In an ongoing appeal pending in the Supreme Court since 2010, in the matter of two German children in the case of Jan Balaz born through surrogacy on 14 October 2015, the Supreme Court has identified fourteen issues for determination confronting the very viability, legality, morality and approval of commercial surrogacy. notice has also been taken of permissability of import of human embryos amounting to commoditisation of human life and in violation of right to life. This is whilst the Government has initiated a consultative process on the ART Bill 2014. Serious debate, deliberation and pondering is immediate need on surrogacy.

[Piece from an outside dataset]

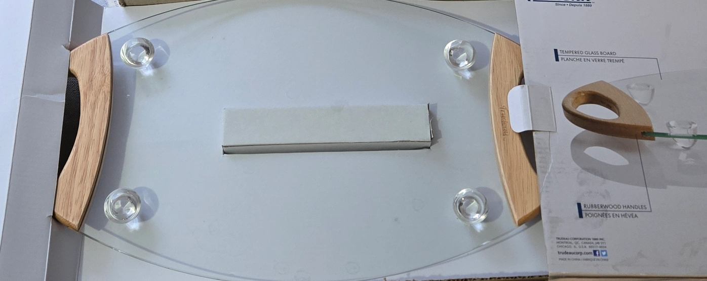 Oval-shaped tempered glass board. Features rubberwood handles. New in box.

India, having kindled the fire of surrogacy, now cannot sit back and turn a blind eye. Considering that the commissioning mothers may be Indian nationals whose lives and safety may be at grave risk, there is a dire need for enactment of a wholesome law enveloping all current societal practices associated with surrogacy. If, by an existing law made by Parliament, children from India are permitted to be adopted by foreigners irrespective of being a couple or being single, subject to checks, clearances, permissions and screening by a court, a similar logic must prevail for surrogacy as well. The proper approach would be to regulate the practice by a clear codified law in tandem with what has become a societal practice. Persons, citizens or foreigners will not matter. The appropriate and desirable method would be to create a mechanism to judge suitability of proposed surrogate parents rather than to debar all single or foreign persons. An existing strict and rigorous mechanism for inter-country adoptions administered by the Central Adoption Resource Agency (CARA), which is now proposed to be a statutory body, is the ideal example to cite in support. We cannot shut our thinking down simply because of the problems. Solutions must be found, and a law governing surrogacy in the waiting for the past 10 years must eventually give birth to a statute.